Becoming Eve is an intensely beautiful and tragic coming-of-age story that weaves together timely commentary on faith and religiosity, gender politics, and the search for meaning among disparate cultures. This was my third show working with Arnulfo Maldonado, whose design similarly wove together a synagogue, community center, classroom, and apartment into one multi-faceted set.
Like Curse of the Starving Class, the volume of set dressing for Eve was immense. All 24 shelves of the upstage bookshelves needed to be brimming with hardcovers, and books found there way into almost every corner of the set throughout our tech process. While a couple of these pieces ended up being cut during preview rehearsals, tech found me designing and fabricating three unique rolling utility tables, each with their own dressing and practical light. As a result, I worked with closely with electricians during my time on Eve.
In addition to a massive props package, Eve featured puppets that “aged” over the course of the show, as they represented our protagonist, Chava, in her male body before she transitioned.

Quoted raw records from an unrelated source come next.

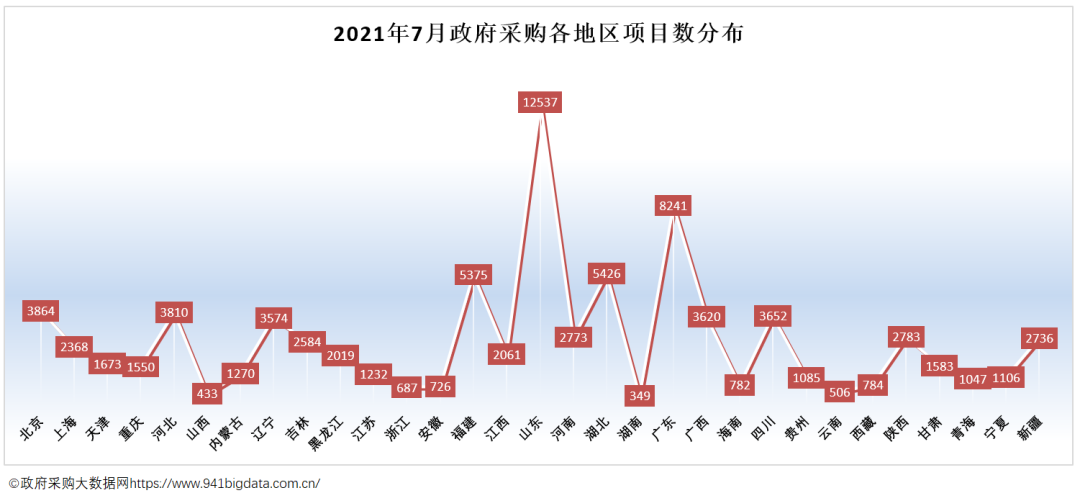 从31省(自治区、直辖市)政府采购项目数分布来看,山东省政府采购中标项目数量排在全国第一,其次是广东省和湖北省。
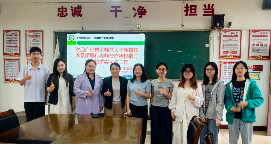 此次实习中期检查进一步加强了我系与江高三中的交流与合作,全面了解了实习生的成长状况与实际需求。双方围绕实习内容优化、指导方式改进、校地协同育人机制完善等议题进行了深入探讨,为后续提升实习指导与服务质量、推动教育技术人才培养模式创新凝聚了共识,也为深化高校与中学的合作奠定了更加坚实的基础。
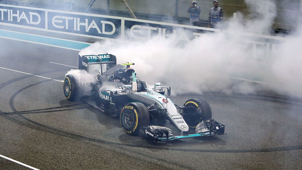 Mercedes' Nico Rosberg finishes 2nd to win his first career world title. This clip is originally from 5 live Formula 1 on Sunday, 27 November 2016.

Working with puppet designer Amanda Villalobos and her team was a highlight of this process: many of my props interacted intimately with Amanda’s puppets and the puppeteers, and we maintained clear and steady communication amid a torrent of notes and changes during tech.
The most fun and challenging props projects included: fabricating practical Torah scrolls complete with custom-sewn velvet covers, fabricating practical tefillin, fabricating two kinds of Kosher cookies and a fake challah loaf, sourcing and distressing 20+ stacking chairs, correcting a pair of misfired CNC panels within 72 hours, swaddling an eerily realistic prop baby, and 3D printing a ner tamid lamp among many, many other small scenic motifs.